-- DATASET CONTENT --
○ ○ ○ ○

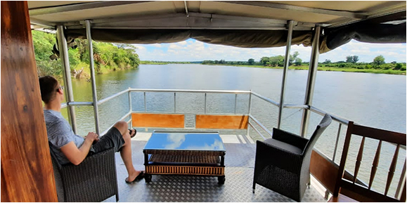 Um zirca 12H00 gehen unsere Gaeste an Bord ( fuer 2,5 Stunden ) wo Ihnen ein grosses Sortiment von Snacks angeboten wird . Diese Haeppchen werden auf dem Boot zubereitet und Gaeste werden zum Verwoehnen eingeladen um den Okavango Fluss so richtig zu geniessen. Dazu werden verschiedene alkoholische Getraenke wie z. B Sekt, Cocktails, Aperol und saemtliche Weine angeboten. Natuerlich gibt es auch Bier vom Fass und nicht-alkoholische Getraenke! Nach der Flussfahrt (zirka 15h00) gehen unsere Gaeste auf eine Pirschfahrt in den Westlichen Caprivi National Park ODER den Mahango National Park. Dieser endet nach 3,5 Stunden mit einem Sundowner wo Ihnen Getraenke, Nuesse, Biltong, Trockenwurst und Chips angeboten werden. Ab 19h00 geniessen Sie dann Ihr Abendessen auf der Mahangu Safari Lodge!
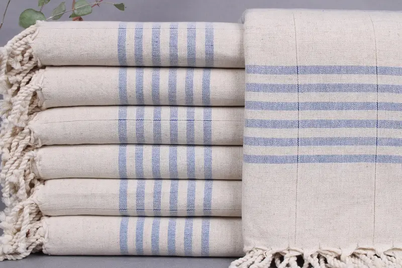 Woven from organic Turkish cotton, the beach towel is characterized by its natural fiber composition, ensuring a soft and breathable material. Handwoven on looms, each piece is a testament to meticulous craftsmanship, resulting in precise dimensions of 40x71 inches or 100x180 centimeters with a permissible tolerance of ±2 inches or 5 centimeters. Weighing 330 grams, the towel provides both absorbency and durability.
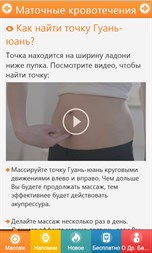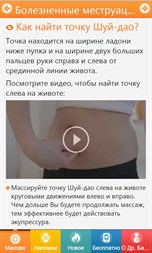 Используя приложение, Вы сразу сможете достичь: → Облегчение маточные кровотечений. → Облегчение болезненных менструаций. → Облегчение головных болей. → Снижение давления. → Облегчение тошноты и рвоты. → Облегчение боли сердца. → Облегчение плаксивости. → Улучшение сна. → Уменьшение утомляемости. → Облегчение депрессии.

○ ○ ○ ○

-- TRY IT --
With the pictures removed, set down every line of the listing above exactly.

-- EXERCISE RESPONSE --
 Um zirca 12H00 gehen unsere Gaeste an Bord ( fuer 2,5 Stunden ) wo Ihnen ein grosses Sortiment von Snacks angeboten wird . Diese Haeppchen werden auf dem Boot zubereitet und Gaeste werden zum Verwoehnen eingeladen um den Okavango Fluss so richtig zu geniessen. Dazu werden verschiedene alkoholische Getraenke wie z. B Sekt, Cocktails, Aperol und saemtliche Weine angeboten. Natuerlich gibt es auch Bier vom Fass und nicht-alkoholische Getraenke! Nach der Flussfahrt (zirka 15h00) gehen unsere Gaeste auf eine Pirschfahrt in den Westlichen Caprivi National Park ODER den Mahango National Park. Dieser endet nach 3,5 Stunden mit einem Sundowner wo Ihnen Getraenke, Nuesse, Biltong, Trockenwurst und Chips angeboten werden. Ab 19h00 geniessen Sie dann Ihr Abendessen auf der Mahangu Safari Lodge!
 Woven from organic Turkish cotton, the beach towel is characterized by its natural fiber composition, ensuring a soft and breathable material. Handwoven on looms, each piece is a testament to meticulous craftsmanship, resulting in precise dimensions of 40x71 inches or 100x180 centimeters with a permissible tolerance of ±2 inches or 5 centimeters. Weighing 330 grams, the towel provides both absorbency and durability.
 Используя приложение, Вы сразу сможете достичь: → Облегчение маточные кровотечений. → Облегчение болезненных менструаций. → Облегчение головных болей. → Снижение давления. → Облегчение тошноты и рвоты. → Облегчение боли сердца. → Облегчение плаксивости. → Улучшение сна. → Уменьшение утомляемости. → Облегчение депрессии.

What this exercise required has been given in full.